You will notice two new tabs: History, and Scan.
First, you need to specify which items you wish to "watch." Click the History tab, then click Add.
The Add Item window appears. Enter the name of an item you wish the addon to track, or the item id of an item. This addon needs specific information about the items it scans to function correctly, so it will need to get this information by checking the auction house for it, your inventory, your trade skills, or by silently asking the server to bring up tooltip information about an item id. The item id can be obtained by visiting a WoW database website.
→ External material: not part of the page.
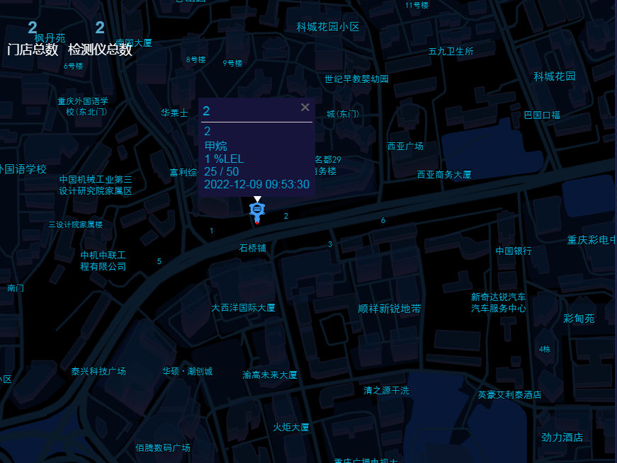 - 鼠标移入检测仪图标后显示该检测仪下传感器的实时信息。

Simply search for the item in question and get the number in the URL, i.e. "http://www.wowhead.com/?item=34057"
Once you have added your item, the edit item window appears. From here you can instruct the addon to record the scans of the item, how long to keep the scans, and whether to only record full stacks. Also, you may configure the addon to not display the scan results of items that do not meet certain criteria, such as if the item is too expensive (or cheap), or whether there are none for sale or not. This speeds daily shopping and allows you to easily notice when there are undervalued auctions, or if a market is ripe for your own auctions, or to hide uninteresting markets.
Scanning
Once you have input all the items you want to watch for, click the Scan tab, then click the Scan button. If you do not want to record this scan, then uncheck the "Record Scans" check box. There are a couple of reasons you may not wish to record a particular scan.
First, scans can use up a lot of memory. In fact there is currently no limit to the memory usage of this addon - it is possible to configure this addon to use as much memory as you tell it to, so you must pay some attention to this if you record scans for many items. The memory used by the addon is prominently displayed on the History tab. To give you a rough idea of how much memory scans might use, 500 or so individual item scans uses up about two megabytes of memory. If you configured the addon to record 50 items, then hitting the scan button with record scans checked will use roughly two megabytes of ram after 10 clicks of the scan button. It is also important to note, however, that some items will use far more memory than others. Frostweave cloth or Infinite Dust scans will use much, much more memory than say, Nobles Deck scans.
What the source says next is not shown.